[WHAT IS NEEDED]
Pictures do not belong in the output. Reproduce exactly the lines from the start of the records through the line with "从产品来看,「探客出行」通过".

[RECORDS FOR THIS EXERCISE]
▬▬▬
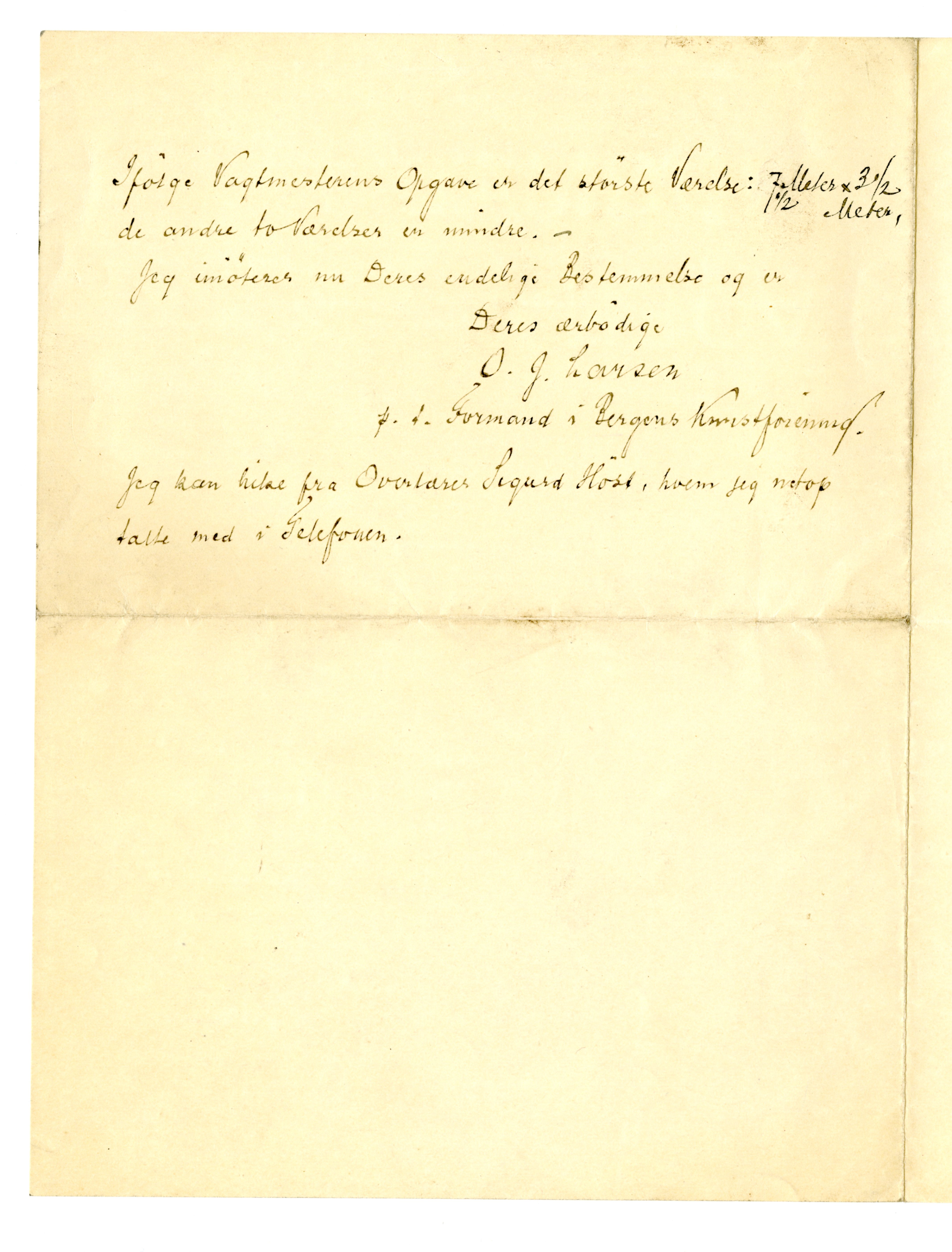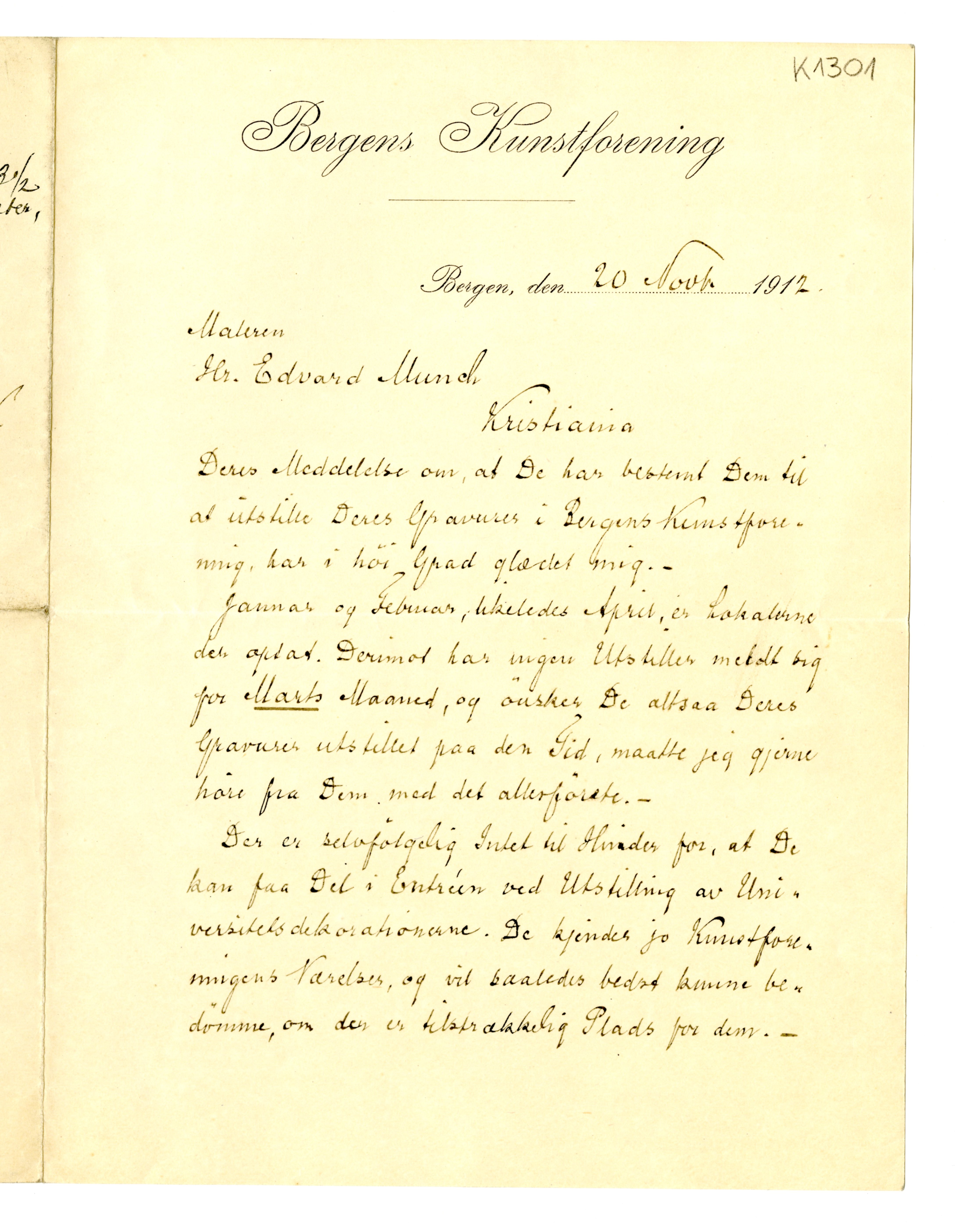 MM K 1301, Munchmuseet. Datert 20.11.1912. Brev fra O. J. Larsen, Bergens Kunstforening.
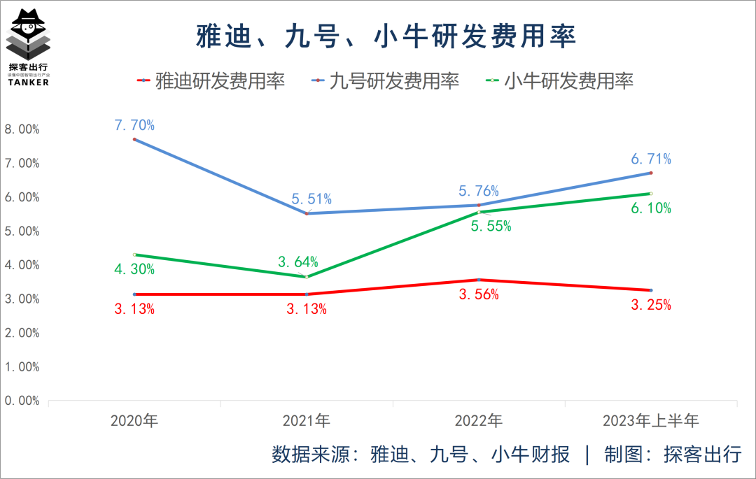 从产品来看,「探客出行」通过梳理雅迪、九号公司、小牛电动等三家车企财报发现,2020年至2023年上半年雅迪的研发费用率分别为3.13%、3.13%、3.56%和3.25%。相比之下,同期九号的研发费用率分别为7.70%、5.51%、5.76%和6.71%;同期小牛的研发费用率分别为4.30%、3.64%、5.55%和6.10%。
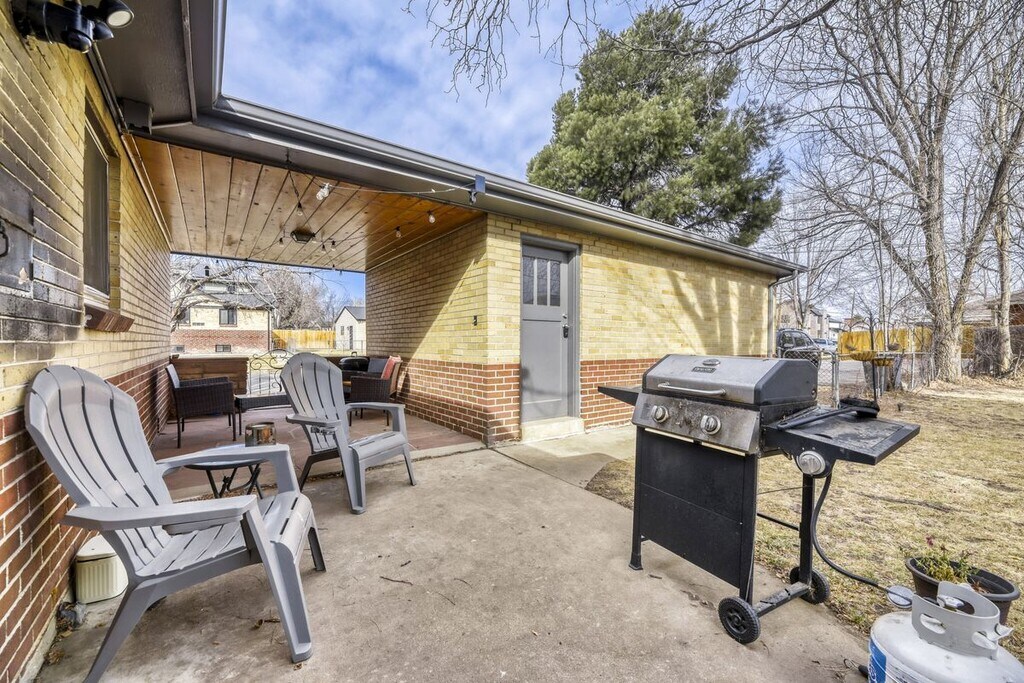 Beautiful Sloan's Lake neighborhood. This charming brick bungalow with 2 bedrooms, 1 bath is just 2 blocks to the lake and walking paths. Wood floors thru out and updated flooring in the bath, kitchen and laundry area. Hookups will accommodate a full-size washer and dryer. The sunny living area is highlighted with hardwood floors and large windows. The dining area is a great space for entertaining and pleasantly opens to the living area. The spacious kitchen has plenty of cabinets for the cook with lots of gadgets. Parking includes a detached 1 car garage with a private driveway for off street parking. The fenced backyard is surrounded by shade trees and is a great space for Fido. Rent includes lawn mowing. The covered patio is great for patio furniture and socializing. Great access to Downtown, Highlands, Edgewater Public Market. Take advantage of the stunning outdoor space at Sloan's Lake Park, just a short walk away, where you can enjoy leisurely strolls or invigorating outdoor activities. This delightful property offers an inviting atmosphere perfect for anyone seeking a comfortable and convenient lifestyle.
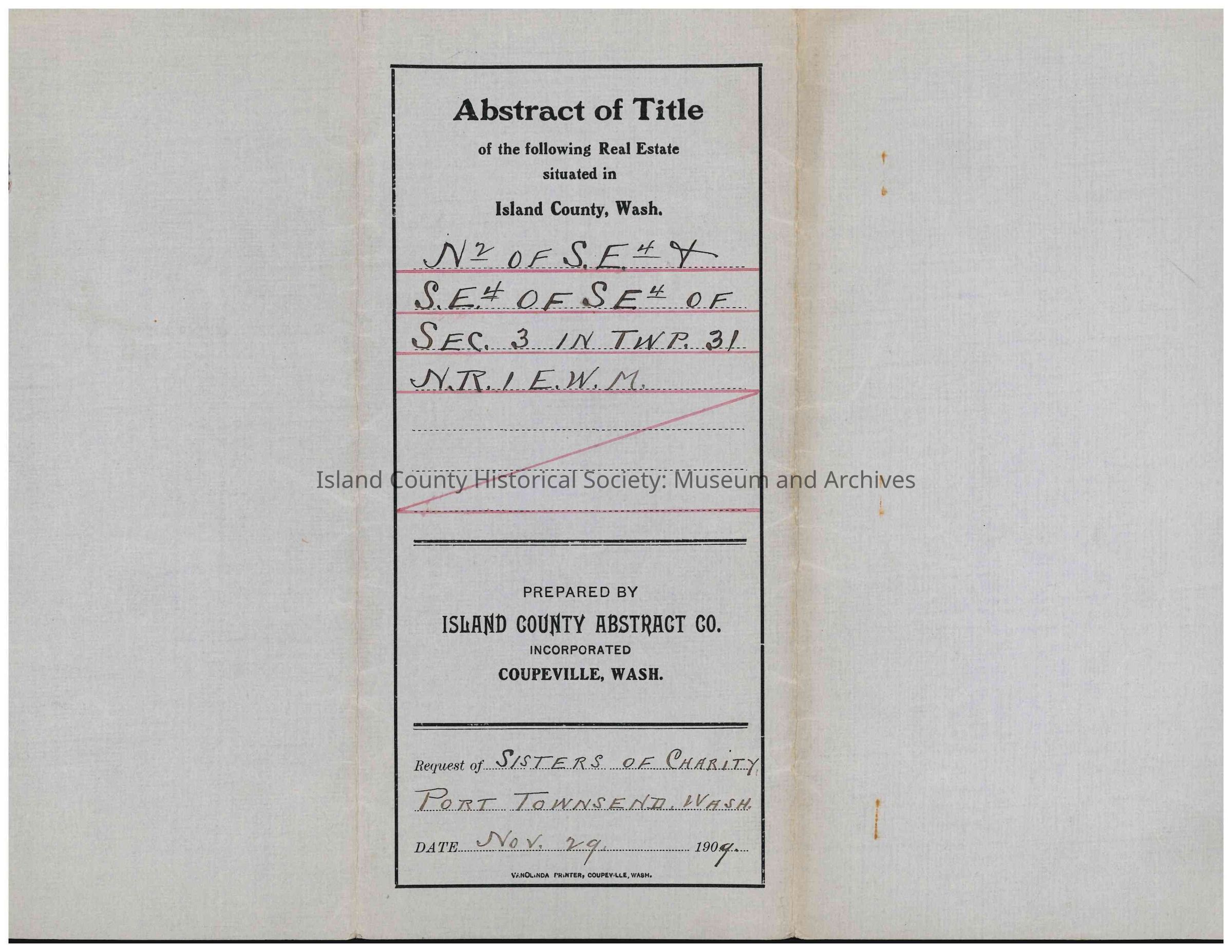 More Grantors and Recipients are listed within this title. To view this Abstract of Title and its subsequent Grantors/Recipients, please email the ICHS Archivist at arc-ichs@whidbey.net.Collection
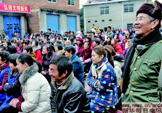 ▲洎阳街道湖腰畈村村民观看“古戏台讲堂”宣讲节目。新华社记者宋振平摄 |
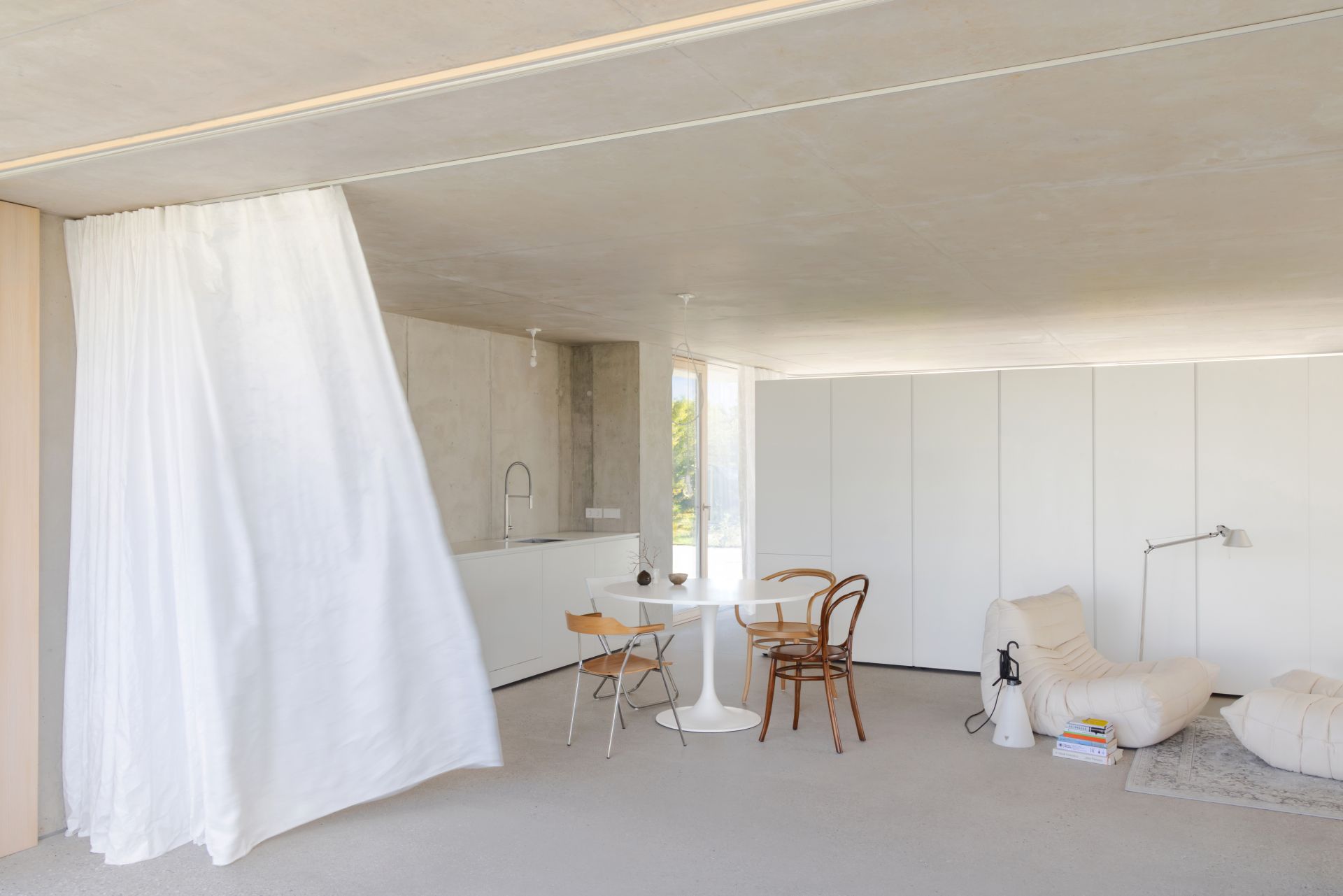 Na severozapadnom uglu, suptilni strukturni pregib na krovu stvara potpuno zastakljen ugao bez opterećenja, koji rastvara granicu između unutrašnjosti i spoljašnjosti. Veliki drveni klizni panoramski prozor na jugozapadnoj fasadi dodatno jača ovu vezu, potpuno nestajući u udubljenom čeličnom okviru i omogućavajući da se životni prostor spoji sa baštom tokom toplijih meseci.
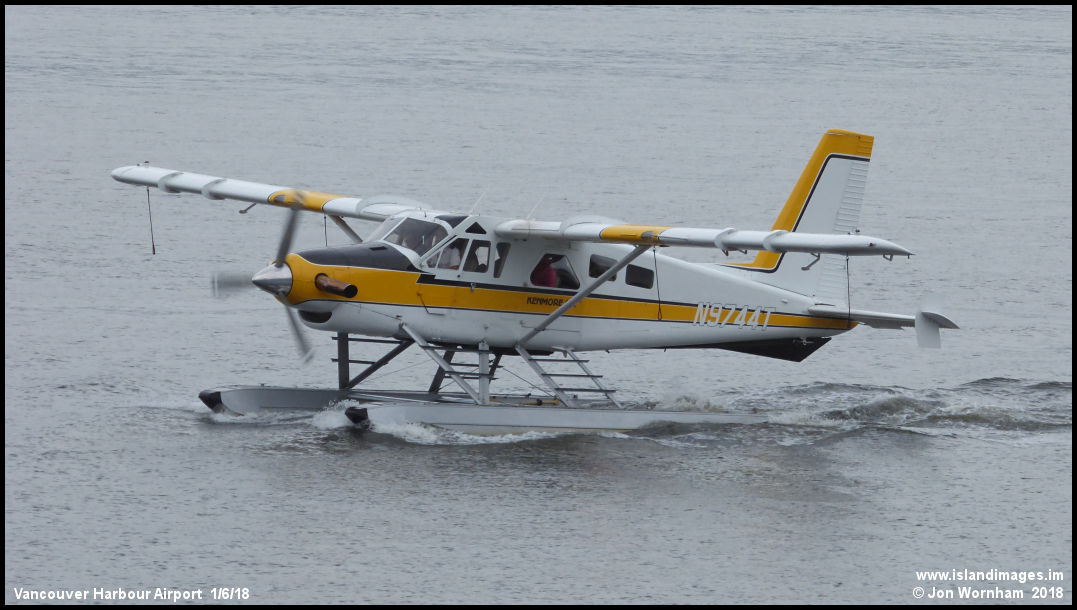 Kenmore Air Turbine Beaver N9744T taxies in to the pontoons.
▬▬▬
[TASK ANSWER]
 MM K 1301, Munchmuseet. Datert 20.11.1912. Brev fra O. J. Larsen, Bergens Kunstforening.
 从产品来看,「探客出行」通过梳理雅迪、九号公司、小牛电动等三家车企财报发现,2020年至2023年上半年雅迪的研发费用率分别为3.13%、3.13%、3.56%和3.25%。相比之下,同期九号的研发费用率分别为7.70%、5.51%、5.76%和6.71%;同期小牛的研发费用率分别为4.30%、3.64%、5.55%和6.10%。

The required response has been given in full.